A. Mutation At Ends In [doubly_mutation_ends.rs](https://github.com/orxfun/orx-linked-list/blob/main/benches/doubly_mutation_ends.rs) benchmark, we first push elements to a linked list until it reaches a particular length. Then, we call - `push_back` - `push_front` - `pop_back` - `pop_front` in a random alternating order. We observe that `DoublyList` is around **40%** faster than `std::collections::LinkedList`. The following example demonstrates the simple usage of the list with mutation at its ends. ```rust use orx_linked_list::*; let mut list = DoublyList::new(); list.push_front('b'); list.push_back('c'); list.push_front('a'); list.push_back('d'); assert!(list.eq_to_iter_vals(['a', 'b', 'c', 'd'])); assert_eq!(list.pop_back(), Some('d')); assert_eq!(list.pop_front(), Some('a')); assert_eq!(list.front(), Some(&'b')); assert_eq!(list.back(), Some(&'c')); assert_eq!(list.len(), 2); ```
B. Iteration In [doubly_iter.rs](https://github.com/orxfun/orx-linked-list/blob/main/benches/doubly_iter.rs) benchmark, we create a linked list with insertions to the back and front of the list in a random order. Then, we `iter()` over the nodes and apply a map-reduce over the elements. We observe that `DoublyList` iteration is around **25 times** faster than that with `std::collections::LinkedList`. The significance of improvement can further be increased by using `DoublyList::iter_x()` instead, which iterates over the elements in an arbitrary order. Unordered iteration is not suitable for all use cases. Most reductions or applying a mutation to each element are a couple of common examples. When the use case allows, unordered iteration further provides significant speed up.

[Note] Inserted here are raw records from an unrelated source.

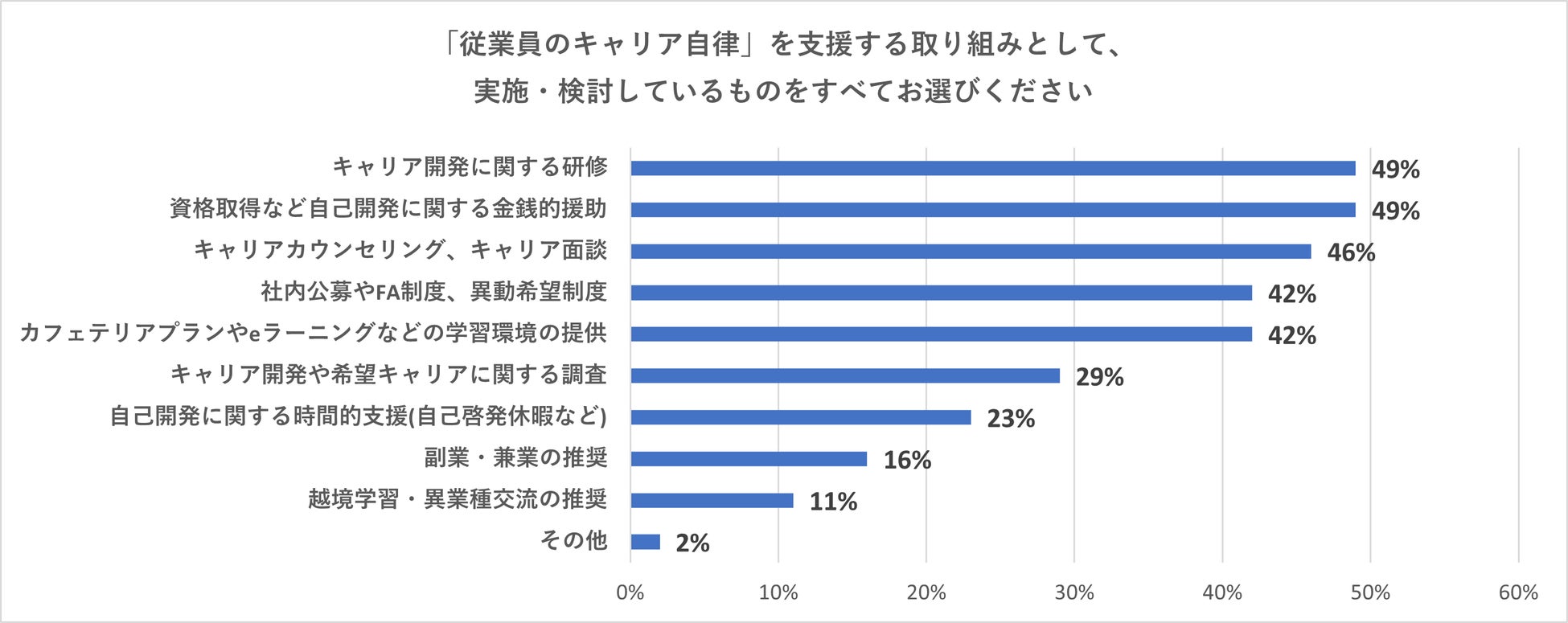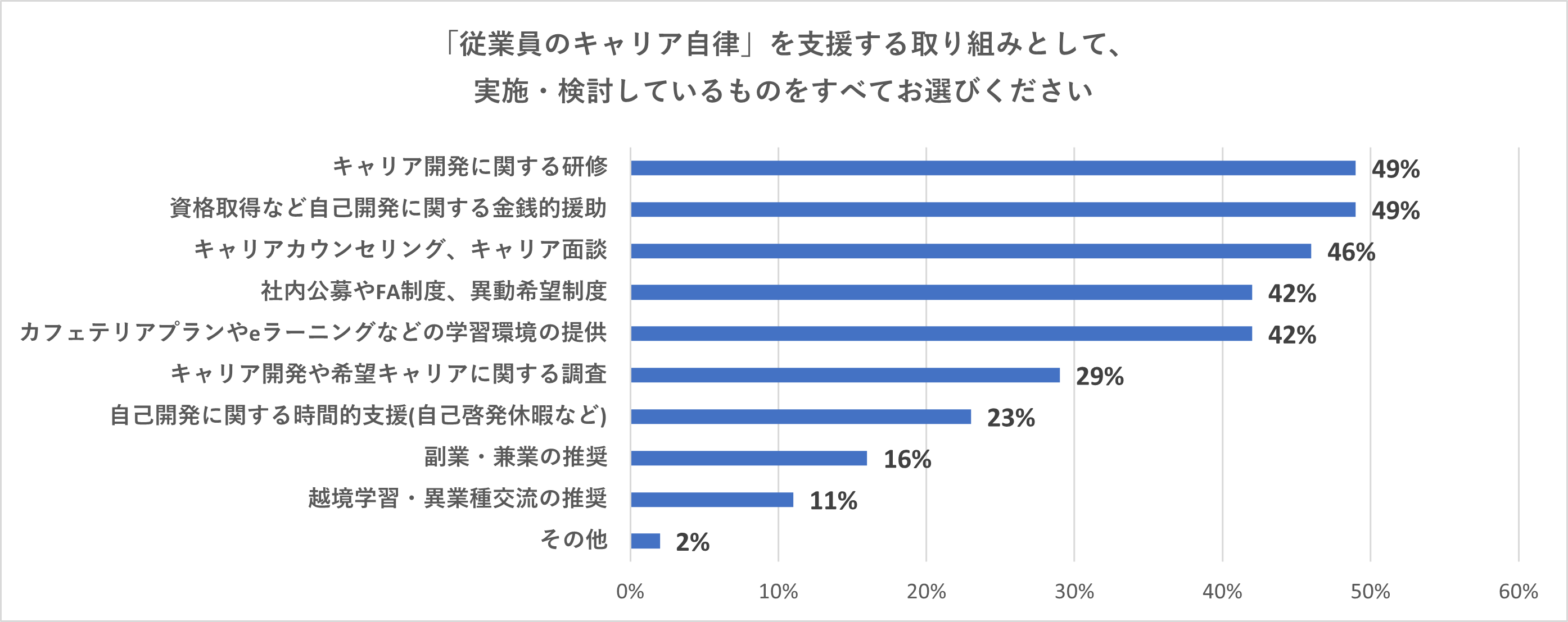 「従業員のキャリア自律を支援する取り組みとして、実施・検討しているもの」について質問したところ、「キャリア開発に関する研修」、「資格取得など自己開発に関する金銭的援助」の回答が49%とトップ、次いで「キャリアカウンセリング・キャリア面談」が46%となりました。
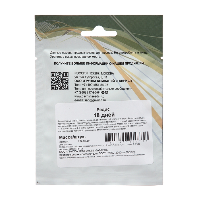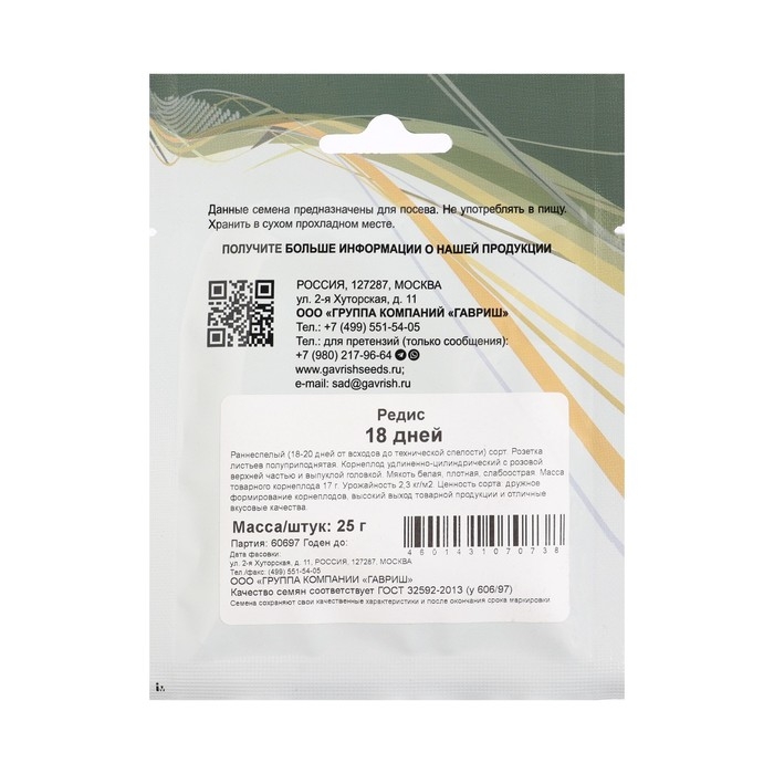 Семена Редис "18 дней", 25 г
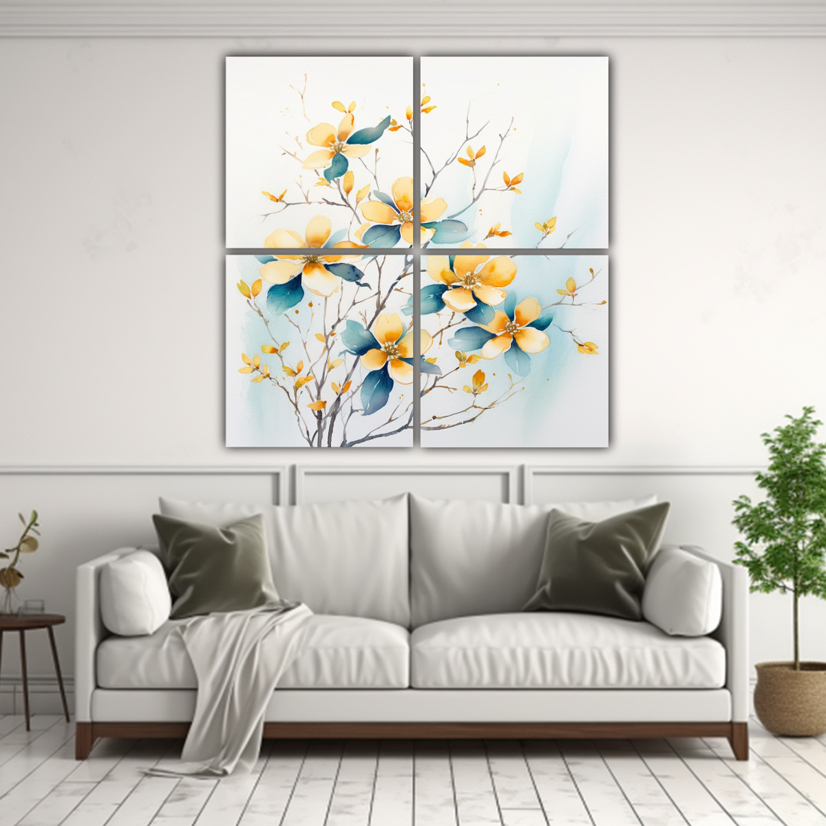 Decora tu hogar con este cuadro de alta calidad con múltiples ramas de flores de cornejo en acuarela Impreso en tela de alta calidad con bastidores de madera, este cuadro tiene un diseño exclusivo de nuestra tienda Resalta la belleza de tu espacio con los colores verde azulado, beige, coral, gris, chocolate, amarillo claro, plateado y turquesa que encontrarás en esta pintura de decoración Además, disfruta de los precios más económicos del mercado y las entregas más rápidas y gratuitas en Santiago, con envíos express a regiones
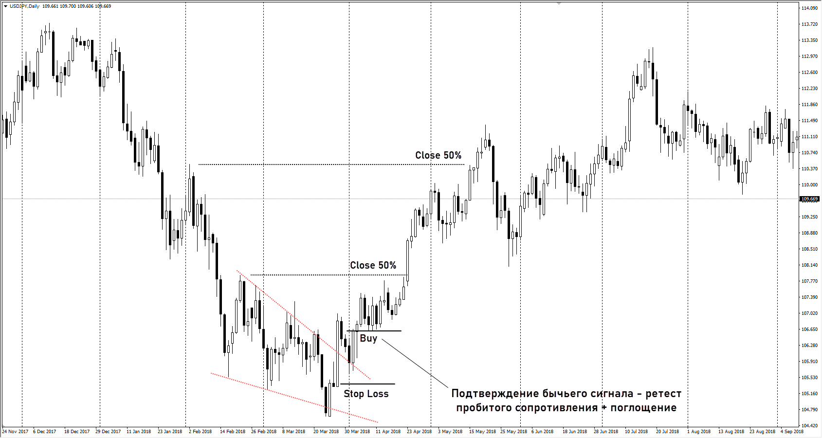 паттерн клин на графике GBPJPY (H4) - USDJPY – пример того, что паттерны формируются и на дневном таймфрейме. В клине ниже получена идеальная точка входа, после пробоя сопротивления состоялся его ретест и подтверждение в виде бычьего поглощения. Можно было входить по рынку с минимальным риском. Клин довольно пологий, поэтому фиксировать прибыль можно по локальным экстремумам предыдущего нисходящего движения.

## Iterations Linked lists are all about traversal. And hence, the linked list, specifically the `DoublyList`, provides various useful ways to iterate over the data: * [`iter()`](https://docs.rs/orx-linked-list/latest/orx_linked_list/trait.DoublyIterable.html#method.iter) iterates from front to back of the list * `iter().rev()` iterates from back to front * [`iter_from(idx: &DoublyIdx)`](https://docs.rs/orx-linked-list/latest/orx_linked_list/trait.DoublyIterable.html#method.iter_from) iterates forward starting from the node with the given index to the back * [`iter_backward_from(idx: &DoublyIdx)`](https://docs.rs/orx-linked-list/latest/orx_linked_list/trait.DoublyIterable.html#method.iter_backward_from) iterates forward starting from the node with the given index to the front * [`ring_iter(pivot_idx: &DoublyIdx)`](https://docs.rs/orx-linked-list/latest/orx_linked_list/trait.DoublyIterable.html#method.ring_iter) iterates forward starting from the pivot node with the given index until the node before the pivot node, linking back to the front and giving the list the **circular behavior** * [`iter_links()`](https://docs.rs/orx-linked-list/latest/orx_linked_list/trait.DoublyIterable.html#method.iter_links) iterates over the links of the list * [`iter_x()`](https://docs.rs/orx-linked-list/latest/orx_linked_list/type.DoublyList.html#method.iter_x) iterates over elements in an arbitrary order, which is often faster when the order is not required As typical, above-mentioned methods have the "_mut" suffixed versions for iterating over mutable references.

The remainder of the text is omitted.